Recipient Organization
UNIVERSITY OF CALIFORNIA, DAVIS
410 MRAK HALL
DAVIS,CA 95616-8671
Performing Department
Animal Science
Non Technical Summary
The U.S. is one of the world's largest producers and exporters of poultry meat. The chicken genome assembly is at the stage where significant improvements in annotation would enable investigators to better utilize genomic information to improve production traits. This project is to efficiently generate a resource of epigenomic data for annotation of functional elements in the chicken genome and enhance our knowledge of regulation of genes associated with economically important traits such as immune function, feed efficiency, egg production, quality, disease resistance. The expected results will provide enhanced biological understanding of key genome elements that are potentially associated with important agronomic traits that will translate into significant improvements for U.S. poultry producers and industry.
Animal Health Component
5%
Research Effort Categories
Basic
70%
Applied
5%
Developmental
25%
Classification

Knowledge Area (KA)Subject of Investigation (SOI)Field of Science (FOS)Percent
3043210108045%
3043220108015%
3043210104030%
3043220104010%
Goals / Objectives
The advent of the FAANG Consortium signified the critical need for annotating the chicken genome. Specifically, regulatory elements have not been functionally characterized, and more importantly, target genes of distal regulatory elements remains largely unknown, which is essential to understand spatio-temporal transcriptional regulation.

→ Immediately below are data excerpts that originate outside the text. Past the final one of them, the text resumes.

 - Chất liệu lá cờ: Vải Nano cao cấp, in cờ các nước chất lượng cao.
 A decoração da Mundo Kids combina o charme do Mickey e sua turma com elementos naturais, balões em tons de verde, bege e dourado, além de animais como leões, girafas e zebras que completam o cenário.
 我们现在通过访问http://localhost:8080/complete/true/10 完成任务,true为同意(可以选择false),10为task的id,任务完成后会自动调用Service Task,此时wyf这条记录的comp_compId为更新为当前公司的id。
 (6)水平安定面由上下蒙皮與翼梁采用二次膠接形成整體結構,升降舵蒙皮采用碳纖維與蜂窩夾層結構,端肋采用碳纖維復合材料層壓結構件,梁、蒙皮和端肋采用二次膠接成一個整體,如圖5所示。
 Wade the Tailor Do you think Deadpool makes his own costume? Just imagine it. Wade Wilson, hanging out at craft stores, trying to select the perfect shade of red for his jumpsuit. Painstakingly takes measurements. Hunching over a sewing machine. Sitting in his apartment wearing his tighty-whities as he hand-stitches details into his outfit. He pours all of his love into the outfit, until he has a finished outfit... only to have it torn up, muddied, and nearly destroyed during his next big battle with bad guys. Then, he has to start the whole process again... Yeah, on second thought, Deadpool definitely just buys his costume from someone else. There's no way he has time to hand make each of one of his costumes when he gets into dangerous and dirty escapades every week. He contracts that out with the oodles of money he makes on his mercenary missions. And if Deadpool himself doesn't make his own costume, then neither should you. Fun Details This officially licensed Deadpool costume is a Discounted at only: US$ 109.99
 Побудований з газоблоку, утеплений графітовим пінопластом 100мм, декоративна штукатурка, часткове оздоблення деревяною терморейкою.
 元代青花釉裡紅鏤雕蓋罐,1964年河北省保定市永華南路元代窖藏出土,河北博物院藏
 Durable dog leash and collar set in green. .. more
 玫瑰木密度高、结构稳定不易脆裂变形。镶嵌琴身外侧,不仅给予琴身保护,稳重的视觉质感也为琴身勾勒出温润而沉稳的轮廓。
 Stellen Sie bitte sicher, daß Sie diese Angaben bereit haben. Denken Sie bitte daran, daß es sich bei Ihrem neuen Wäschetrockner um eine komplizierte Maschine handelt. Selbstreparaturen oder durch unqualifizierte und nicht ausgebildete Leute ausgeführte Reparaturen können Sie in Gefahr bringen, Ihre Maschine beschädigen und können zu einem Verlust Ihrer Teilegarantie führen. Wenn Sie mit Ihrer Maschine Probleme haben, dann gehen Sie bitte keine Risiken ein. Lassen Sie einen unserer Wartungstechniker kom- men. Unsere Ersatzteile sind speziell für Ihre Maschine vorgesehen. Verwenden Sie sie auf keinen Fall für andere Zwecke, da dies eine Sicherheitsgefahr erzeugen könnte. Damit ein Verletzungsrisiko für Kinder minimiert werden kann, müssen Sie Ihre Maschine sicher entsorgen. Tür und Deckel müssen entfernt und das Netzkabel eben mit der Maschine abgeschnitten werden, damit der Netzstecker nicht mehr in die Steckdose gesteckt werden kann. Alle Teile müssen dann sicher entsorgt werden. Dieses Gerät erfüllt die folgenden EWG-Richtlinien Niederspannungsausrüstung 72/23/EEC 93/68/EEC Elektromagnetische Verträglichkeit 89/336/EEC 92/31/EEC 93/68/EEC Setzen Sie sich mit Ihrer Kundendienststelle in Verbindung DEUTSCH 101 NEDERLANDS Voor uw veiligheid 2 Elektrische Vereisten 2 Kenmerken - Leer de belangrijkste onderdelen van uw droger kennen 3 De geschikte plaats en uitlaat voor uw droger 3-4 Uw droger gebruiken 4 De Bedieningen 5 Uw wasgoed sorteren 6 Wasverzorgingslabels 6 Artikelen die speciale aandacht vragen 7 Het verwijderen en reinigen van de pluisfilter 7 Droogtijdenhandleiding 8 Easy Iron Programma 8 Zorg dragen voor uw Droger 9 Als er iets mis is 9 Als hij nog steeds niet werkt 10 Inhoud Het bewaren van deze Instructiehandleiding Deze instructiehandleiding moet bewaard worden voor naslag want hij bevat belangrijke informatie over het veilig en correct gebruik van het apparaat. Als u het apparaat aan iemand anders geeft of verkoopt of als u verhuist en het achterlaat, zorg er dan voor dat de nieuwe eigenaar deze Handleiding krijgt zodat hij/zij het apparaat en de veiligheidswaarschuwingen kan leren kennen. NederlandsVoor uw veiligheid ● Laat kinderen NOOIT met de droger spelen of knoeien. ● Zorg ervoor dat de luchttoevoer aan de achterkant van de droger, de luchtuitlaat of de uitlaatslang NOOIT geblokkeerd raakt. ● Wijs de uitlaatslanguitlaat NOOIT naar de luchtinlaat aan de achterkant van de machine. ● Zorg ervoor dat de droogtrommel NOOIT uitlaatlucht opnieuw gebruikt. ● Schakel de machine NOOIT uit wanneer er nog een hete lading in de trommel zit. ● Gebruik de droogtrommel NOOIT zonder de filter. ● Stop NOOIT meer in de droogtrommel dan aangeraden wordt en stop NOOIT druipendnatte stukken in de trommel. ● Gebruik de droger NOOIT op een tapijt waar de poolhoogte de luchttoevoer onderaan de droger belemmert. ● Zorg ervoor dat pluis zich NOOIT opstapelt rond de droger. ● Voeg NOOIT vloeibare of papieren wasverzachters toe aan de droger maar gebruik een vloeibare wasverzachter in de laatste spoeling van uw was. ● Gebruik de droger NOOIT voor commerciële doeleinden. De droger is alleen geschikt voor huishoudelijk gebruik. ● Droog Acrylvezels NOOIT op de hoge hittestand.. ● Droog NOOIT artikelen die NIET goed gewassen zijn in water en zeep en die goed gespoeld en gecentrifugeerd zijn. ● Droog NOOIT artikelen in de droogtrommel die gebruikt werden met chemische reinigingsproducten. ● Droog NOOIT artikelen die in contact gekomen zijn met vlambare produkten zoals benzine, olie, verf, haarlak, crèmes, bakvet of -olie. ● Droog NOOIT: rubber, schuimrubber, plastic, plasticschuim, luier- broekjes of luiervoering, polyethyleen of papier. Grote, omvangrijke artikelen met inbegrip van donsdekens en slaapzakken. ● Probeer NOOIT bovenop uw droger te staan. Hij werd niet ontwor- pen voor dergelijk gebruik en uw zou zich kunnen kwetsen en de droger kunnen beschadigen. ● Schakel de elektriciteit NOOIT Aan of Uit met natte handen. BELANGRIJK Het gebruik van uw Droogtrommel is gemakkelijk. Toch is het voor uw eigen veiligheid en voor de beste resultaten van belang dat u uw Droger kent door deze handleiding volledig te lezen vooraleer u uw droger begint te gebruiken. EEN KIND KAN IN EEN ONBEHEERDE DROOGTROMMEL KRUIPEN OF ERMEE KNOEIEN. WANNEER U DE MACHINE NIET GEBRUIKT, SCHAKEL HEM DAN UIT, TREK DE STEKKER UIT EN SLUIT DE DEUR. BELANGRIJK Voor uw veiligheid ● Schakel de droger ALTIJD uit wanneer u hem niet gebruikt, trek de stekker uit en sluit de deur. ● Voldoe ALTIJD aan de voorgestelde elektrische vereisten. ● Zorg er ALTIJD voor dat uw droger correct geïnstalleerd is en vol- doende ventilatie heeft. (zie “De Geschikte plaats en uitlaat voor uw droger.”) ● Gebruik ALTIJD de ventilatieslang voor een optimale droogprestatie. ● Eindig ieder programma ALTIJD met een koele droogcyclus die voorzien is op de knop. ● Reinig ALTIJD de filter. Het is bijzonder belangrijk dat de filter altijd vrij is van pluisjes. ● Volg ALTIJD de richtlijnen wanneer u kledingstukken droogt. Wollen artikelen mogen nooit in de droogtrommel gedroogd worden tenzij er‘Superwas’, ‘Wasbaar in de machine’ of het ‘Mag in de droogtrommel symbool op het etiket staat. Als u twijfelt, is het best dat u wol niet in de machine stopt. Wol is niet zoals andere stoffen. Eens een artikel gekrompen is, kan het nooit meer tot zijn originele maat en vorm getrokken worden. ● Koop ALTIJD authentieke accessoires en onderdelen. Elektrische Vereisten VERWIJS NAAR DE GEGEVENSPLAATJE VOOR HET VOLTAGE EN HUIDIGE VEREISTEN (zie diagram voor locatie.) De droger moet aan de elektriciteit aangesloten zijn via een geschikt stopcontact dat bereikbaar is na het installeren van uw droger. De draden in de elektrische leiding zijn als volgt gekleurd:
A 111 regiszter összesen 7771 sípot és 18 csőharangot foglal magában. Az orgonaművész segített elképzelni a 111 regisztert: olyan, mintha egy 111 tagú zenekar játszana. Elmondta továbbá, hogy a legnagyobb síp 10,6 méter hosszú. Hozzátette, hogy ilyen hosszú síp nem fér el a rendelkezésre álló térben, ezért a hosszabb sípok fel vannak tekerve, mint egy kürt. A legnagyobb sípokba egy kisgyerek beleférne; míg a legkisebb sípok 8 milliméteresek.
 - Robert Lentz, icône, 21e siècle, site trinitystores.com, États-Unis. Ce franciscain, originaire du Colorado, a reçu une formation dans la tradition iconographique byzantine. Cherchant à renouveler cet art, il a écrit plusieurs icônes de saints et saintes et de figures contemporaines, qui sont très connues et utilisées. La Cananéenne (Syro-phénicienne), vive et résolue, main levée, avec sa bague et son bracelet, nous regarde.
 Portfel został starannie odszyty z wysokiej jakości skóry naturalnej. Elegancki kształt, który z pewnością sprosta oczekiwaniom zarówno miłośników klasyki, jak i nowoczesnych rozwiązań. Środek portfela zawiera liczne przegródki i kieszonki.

Building on our current efforts, we propose to extend annotation to other biologically important tissues, and address the critical gaps of validating functional enhancers and assigning them to their target genes. Our specific aims are: (1) Identify and annotate regulatory elements in chicken gut and reproductive tissues by integrating information from RNA-seq, ATAC-seq, and ChIP-seq; (2) Use lentiMPRA in a model cell line to functionally validate a set of enhancers; (3) Employ promoter capture Hi-C to identify target genes of enhancers.
Project Methods
We plan to employ a variety of high-throughput genomic and epigenomic assays including RNA-seq, ATAC-seq, and ChIP-seq for four histone modifications and one insulator element (CTCF), lentiMPRA assay and, promoter capture Hi-C to identify targeted genes of enhancers and validate functions of the tissue-specific enhancers.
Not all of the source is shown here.